Everything works mostly fine. However, after a second of running, some of our variables get corrupted. By looking at the build-analyzer in CubeIDE, I found that the RAM, namely the .bss section, was being set to garbage from 0x2400162c onwards. This was hUsbDeviceHS.ep_out[1].rem_length. I am not sure whether this variable is relevant to the problem or it is just a coincidence.

I know that this could be from our own code somewhere that has a memory-leak, but I am wondering if this has been found before. I tried searching online but found nothing. Otherwise, are there any tips specific to STM32 to tracking down the cause?

Thanks,

Claegtun · ‎2024-02-10

I think that I found the issue ... but am still perplexed.

I decided to go ahead and just replace the memcpy with a dumb for-loop. It fixed the initial bug, but the watchpoint triggered again, this time on a completely different memcpy. This one was in a different file that dealt with the outgoing data of the rx_buffer, i.e. the pop() method. At least when the watchpoint was hit, I saw that there was an obvious out-of-bounds bug that caused the memcpy to overflow. At first, I thought that it was a new completely separate bug. (You know how one finds a new unrelated bug after quashing the one before.) So, I fixed it, and everything seemed to work fine.

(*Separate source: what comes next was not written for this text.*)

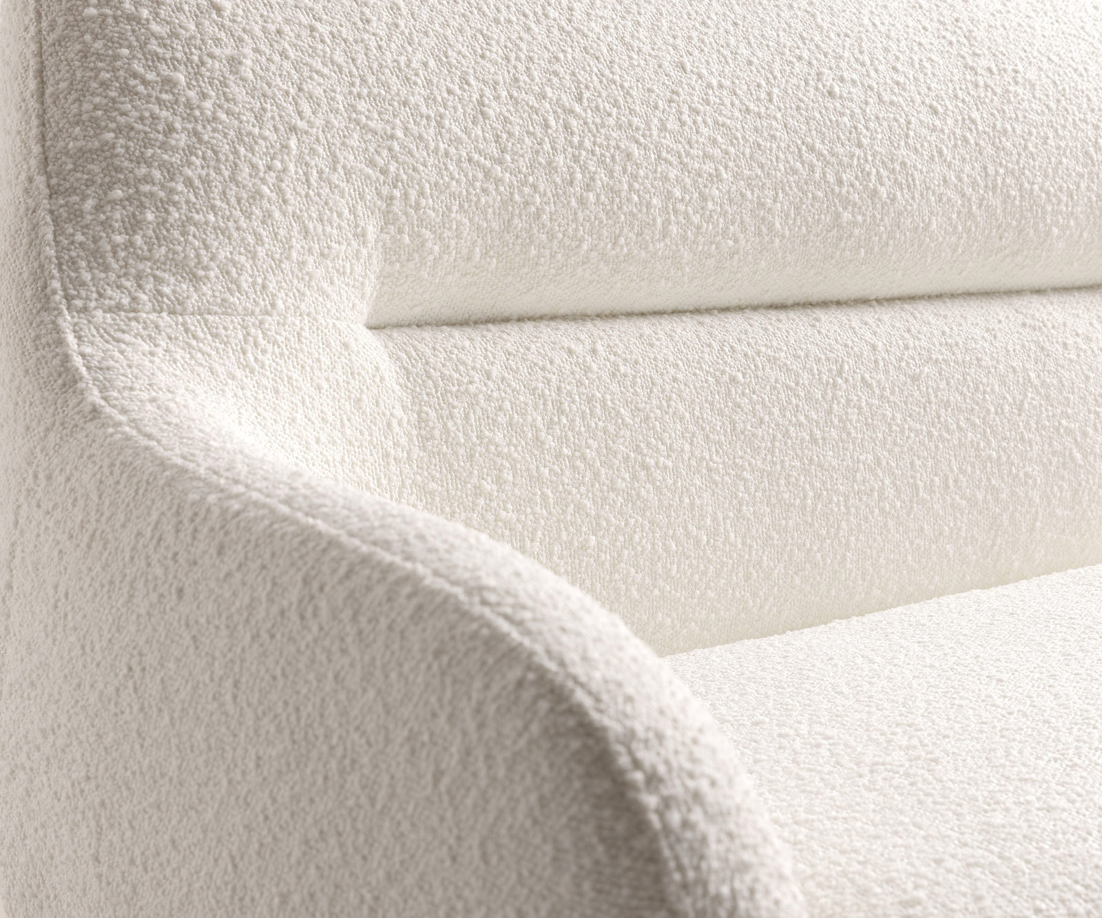 So svojou svetlou krémovo bielou farbou a príjemnou štruktúrou bouclé prináša táto látka do obytného priestoru ľahkosť a eleganciu. Kvalitné spracovanie a mäkký dotyk z nej robia štýlovú voľbu pre pohodlný nábytok na každodenné používanie.

However, when I reverted the for-loop back to the first memcpy just to see the original bug again, it disappeared, with exactly the same parameters, everything. Even reverting the new bug confirmed that it was the true culprit.

All's well ends well ... but why on Earth did the watchpoint break at the wrong memcpy. As you can see above, the memcpy that was originally hit by the watchpoint had nothing wrong with it, everything was within bounds. But when I replace it with a dumb for-loop, it suddenly breaks at the true faulty memcpy.

At this point, I guess this is more of an issue with the IDE/debugger unless I am completely missing something.

Either way, thank you so much for your help @TDK . I wouldn't have found it without knowing to add a watchpoint.

View solution in original post

TDK · ‎2024-02-08

Probably an out of bounds write in your code. You know what gets corrupted, so it should be relatively quick to find the offending code.

Debug your code and set a hardware watchpoint on memory that gets corrupted. The debugger will stop when it's modified. You can look to see where the code is at that point and determine/fix the faulty code.

To set a hardware watchpoint, add the expression -> right click expression -> add watchpoint...

If you feel a post has answered your question, please click "Accept as Solution".

Claegtun · ‎2024-02-09

Thanks TDK.

I had no idea that one could add a watchpoint. I have learnt something new.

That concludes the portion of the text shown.